To see default table:
# arp -e
ethtool is used to view or set speed and duplex of your Network Interface Card (NIC).
You can set duplex permanently in /etc/sysconfig/network-scripts/ifcfg-eth0 with ETHTOOL_OPTS variable.
# ethtool eth0
iwconfig is use to configure a wireless network interface. You can see and set the basic Wi-Fi details like SSID channel and encryption. You can refer man page of iwconfig to know more.
# iwconfig [interface]
hostname is used to identify in a network.
You can set hostname permanently in /etc/sysconfig/network. Need to reboot box once set a proper hostname.

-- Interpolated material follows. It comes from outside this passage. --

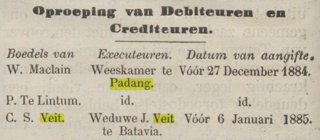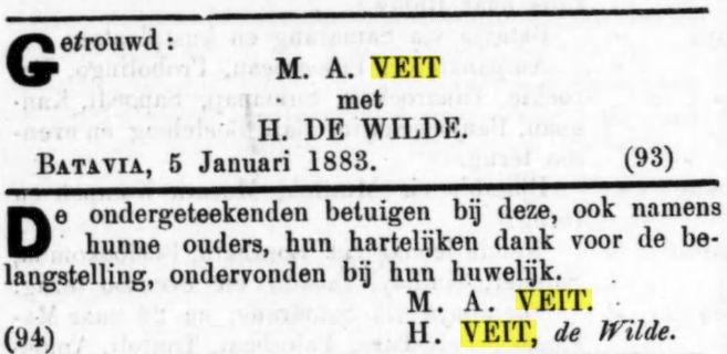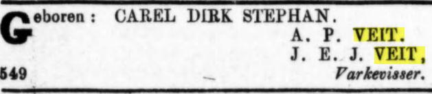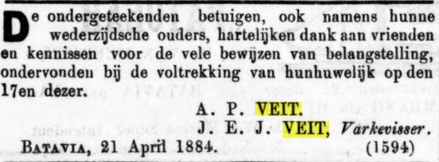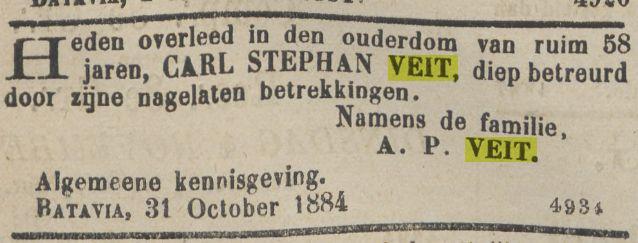 Dit impliceert dat alle verdere Veit's afstammen van Carel Stephan (Carl Stephan) Veit * ca. 1826 † Batavia 31-10-1884 en zijn Chineesche vrouw Tan Loan Nio.

It connects destination host via telnet protocol. If telnet connection establish on any port means connectivity between two hosts is working fine.
#telnet hostname port
This will telnet hostname with the port specified. Normally it is used to see whether host is alive and network connection is fine or not.
For more information regarding different flags of telnet check this.
Telnet is a client-server protocol, based on a reliable connection-oriented transport. Typically, this protocol is used to establish a connection to Transmission Control Protocol (TCP) port number 23, where a Telnet server application (telnetd) is listening. Telnet is a both a network protocol and an application that uses that protocol. Most often, telnet is used to connect to remote computers and issue commands on those computers. It’s like a remote control for the internet!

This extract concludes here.